Выражение «наша новая, счастливая жизнь» повторялось несколько раз. Видимо, министерству благоденствия оно особенно полюбилось. Парсонс, подобравшийся при звуке трубы, сидел и слушал, открыв рот, с важным видом привыкшего к скуке недоучки. Цифры говорили ему мало, но он понимал, что им следует радоваться. Он вытащил огромную потертую трубку, наполовину набитую обугленным табаком. При норме 100 граммов в неделю набить трубку целиком удавалось редко. Уинстон курил папиросу «Победа», осторожно держа ее строго горизонтально. Новую пайку дадут только завтра, а у него осталось всего четыре папиросы. Он отрешился от постороннего шума и прислушался к потоку слов с телеэкрана. Похоже, демонстранты благодарили Большого Брата даже за то, что он повысил норму шоколада до двадцати граммов в неделю. Только вчера, вспомнилось Уинстону, объявили об
С телеэкрана все еще сыпалась баснословная статистика. По сравнению с прошлым годом стало больше еды, больше одежды, больше домов, больше мебели, больше кастрюль, больше топлива, больше кораблей, больше вертолетов, больше книг, больше детей – больше всего, кроме болезней, преступлений, безумия. Год за годом, минута за минутой все и вся со свистом неслось вперед, к светлому будущему. Как Сайм пораньше, Уинстон взял ложку и принялся выводить узоры по растекшейся по столу бледной жиже. Он с досадой размышлял о материальной основе жизни. Всегда ли было так? Всегда ли еда имела такой вкус? Он оглядел столовую. Низкий потолок, стены, засаленные от прикосновений бесчисленных тел, разболтанные металлические столы и стулья, стоящие так тесно, что касаешься локтем соседа; погнутые ложки, помятые подносы, щербленые белые кружки; все поверхности сальные, во всех трещинах грязь; кисловатый дух, в каком мешается вонь дешевого джина, паршивого кофе, похлебки с металлическим привкусом и грязной одежды. Постоянно нутро, вся кожа зудела в нем от бунта, ощущения того, что его лишили принадлежавшего ему по праву. Да, правда, насколько помнилось, иной жизни он не знал: никогда не ел досыта, носки и нижнее белье занашивал до дыр, мебель – вечно раздолбанная и шаткая, топили плохо, вагоны подземки шли битком, дома разваливались, хлеб – черный, чай – большая редкость, кофе – противный, табаку не хватает, один только дешевый синтетический джин всегда в избытке. И хотя с возрастом переносить лишения все труднее, разве это не свидетельствует о том, что естественный порядок вещей вовсе не должен быть таким? Если сердце щемит от бесприютности, грязи и лишений, от нескончаемых зим, от промокших ног, а лифты вечно не работают, вода только холодная, мыло грубое и сушит кожу, табак из папирос высыпается, еда по вкусу с помоями схожа? Если жизнь кажется невыносимой, не говорит ли в тебе память предков, оставшаяся с тех времен, когда все было иначе?
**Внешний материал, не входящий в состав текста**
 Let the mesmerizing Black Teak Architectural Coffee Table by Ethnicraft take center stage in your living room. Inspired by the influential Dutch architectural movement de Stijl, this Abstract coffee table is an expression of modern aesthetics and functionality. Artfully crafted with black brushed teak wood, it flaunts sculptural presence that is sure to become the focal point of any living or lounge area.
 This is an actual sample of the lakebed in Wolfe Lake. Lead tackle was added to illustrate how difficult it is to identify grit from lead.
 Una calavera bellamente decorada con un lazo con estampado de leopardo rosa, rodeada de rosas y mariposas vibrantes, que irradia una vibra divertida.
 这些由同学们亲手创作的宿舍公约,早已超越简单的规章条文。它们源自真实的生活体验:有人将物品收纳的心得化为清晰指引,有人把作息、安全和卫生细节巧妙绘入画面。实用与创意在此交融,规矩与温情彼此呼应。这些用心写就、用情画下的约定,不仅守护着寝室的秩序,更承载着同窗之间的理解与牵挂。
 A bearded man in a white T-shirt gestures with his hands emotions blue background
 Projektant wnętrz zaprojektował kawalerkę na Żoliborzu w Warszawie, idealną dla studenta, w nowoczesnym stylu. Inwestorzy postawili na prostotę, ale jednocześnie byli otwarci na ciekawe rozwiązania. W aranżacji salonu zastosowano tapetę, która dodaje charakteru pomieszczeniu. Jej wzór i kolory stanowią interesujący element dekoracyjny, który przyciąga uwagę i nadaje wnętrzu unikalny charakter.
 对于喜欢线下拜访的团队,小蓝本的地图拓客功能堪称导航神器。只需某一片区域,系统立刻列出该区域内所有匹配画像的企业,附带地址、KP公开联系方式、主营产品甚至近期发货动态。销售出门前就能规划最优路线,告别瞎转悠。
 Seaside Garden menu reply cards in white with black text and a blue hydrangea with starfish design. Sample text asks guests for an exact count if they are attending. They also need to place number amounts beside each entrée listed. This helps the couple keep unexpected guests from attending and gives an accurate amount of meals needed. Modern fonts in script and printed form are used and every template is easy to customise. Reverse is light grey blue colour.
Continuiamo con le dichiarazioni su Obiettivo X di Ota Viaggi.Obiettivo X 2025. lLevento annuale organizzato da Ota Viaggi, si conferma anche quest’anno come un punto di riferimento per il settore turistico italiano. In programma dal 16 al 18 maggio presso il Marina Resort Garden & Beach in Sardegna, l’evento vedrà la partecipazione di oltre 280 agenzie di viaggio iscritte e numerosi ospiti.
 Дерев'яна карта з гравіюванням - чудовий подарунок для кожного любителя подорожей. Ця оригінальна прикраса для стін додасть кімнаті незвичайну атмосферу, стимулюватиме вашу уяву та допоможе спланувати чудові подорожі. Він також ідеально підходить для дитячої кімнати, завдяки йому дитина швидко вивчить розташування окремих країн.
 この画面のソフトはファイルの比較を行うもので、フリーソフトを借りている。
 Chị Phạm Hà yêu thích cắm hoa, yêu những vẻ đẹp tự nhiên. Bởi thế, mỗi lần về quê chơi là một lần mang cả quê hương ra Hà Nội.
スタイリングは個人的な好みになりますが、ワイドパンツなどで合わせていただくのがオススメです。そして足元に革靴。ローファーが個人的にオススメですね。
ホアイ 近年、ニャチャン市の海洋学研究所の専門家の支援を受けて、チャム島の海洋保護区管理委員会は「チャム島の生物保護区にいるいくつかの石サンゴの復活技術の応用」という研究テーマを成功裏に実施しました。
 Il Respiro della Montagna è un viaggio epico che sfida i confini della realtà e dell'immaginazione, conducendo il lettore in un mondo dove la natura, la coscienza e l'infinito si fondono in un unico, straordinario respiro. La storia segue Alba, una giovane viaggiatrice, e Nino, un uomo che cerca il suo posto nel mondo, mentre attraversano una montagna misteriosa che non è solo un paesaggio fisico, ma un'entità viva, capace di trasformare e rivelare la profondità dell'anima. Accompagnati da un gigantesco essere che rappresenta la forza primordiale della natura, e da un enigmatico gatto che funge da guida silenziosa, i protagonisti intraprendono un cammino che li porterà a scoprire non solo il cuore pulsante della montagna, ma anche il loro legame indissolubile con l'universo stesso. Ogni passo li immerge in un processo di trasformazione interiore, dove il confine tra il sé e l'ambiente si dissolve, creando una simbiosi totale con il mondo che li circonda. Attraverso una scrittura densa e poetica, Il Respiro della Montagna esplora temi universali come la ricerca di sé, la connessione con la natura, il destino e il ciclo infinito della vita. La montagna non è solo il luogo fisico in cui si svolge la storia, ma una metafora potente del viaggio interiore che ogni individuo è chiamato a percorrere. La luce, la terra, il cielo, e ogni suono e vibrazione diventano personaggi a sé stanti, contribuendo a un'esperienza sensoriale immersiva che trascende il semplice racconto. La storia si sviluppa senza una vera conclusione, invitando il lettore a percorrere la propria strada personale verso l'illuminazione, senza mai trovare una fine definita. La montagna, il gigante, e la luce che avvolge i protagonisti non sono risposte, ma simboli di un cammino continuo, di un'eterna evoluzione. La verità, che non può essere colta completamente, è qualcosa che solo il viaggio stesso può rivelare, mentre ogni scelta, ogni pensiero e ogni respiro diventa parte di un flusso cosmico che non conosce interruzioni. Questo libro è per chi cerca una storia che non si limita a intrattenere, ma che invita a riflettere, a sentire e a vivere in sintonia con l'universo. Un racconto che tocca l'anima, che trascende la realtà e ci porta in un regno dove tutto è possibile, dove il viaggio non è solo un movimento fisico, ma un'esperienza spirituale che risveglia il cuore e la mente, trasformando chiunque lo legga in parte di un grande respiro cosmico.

Он вновь оглядел столовую. Почти все уродливы, и синие комбинезоны тут ни при чем: этих людей как ни одень, уродами и останутся. В дальнем конце за столом в одиночестве сидел мелкий, похожий на жучка служащий с кружкой кофе и подозрительно обшаривал зал маленькими бегающими глазками. Если не смотреть по сторонам, думал Уинстон, легко поверить, что физический тип, взятый Партией за идеал (мускулистые юнцы и грудастые девы, светловолосые, энергичные, загорелые, беззаботные), не только существует, но и преобладает. На самом деле, насколько он мог судить, большинство населения Авиабазы-1 – низкорослые, темноволосые и уродливые. Любопытно, как люди-жучки заполонили министерства: проворные невзрачные коротышки, склонные к полноте уже в юном возрасте, с короткими ножками и маленькими глазками на жирных невозмутимых мордах. Похоже, под владычеством Партии этот тип расцвел пышным цветом.
Объявление министерства благоденствия закончилось трубным сигналом, за ним последовала жесткая, бряцающая музыка. Парсонс, впечатленный цифрами, преисполнился энтузиазма и вынул трубку изо рта.
– В этом году министерство благоденствия отлично потрудилось, – заявил он и с важным видом кивнул. – Кстати, старина, у вас не найдется лишнего лезвия для бритвы?
– Увы, – ответил Уинстон, – сам полтора месяца одним бреюсь.
– Ну ладно, нет так нет.
– Что поделаешь.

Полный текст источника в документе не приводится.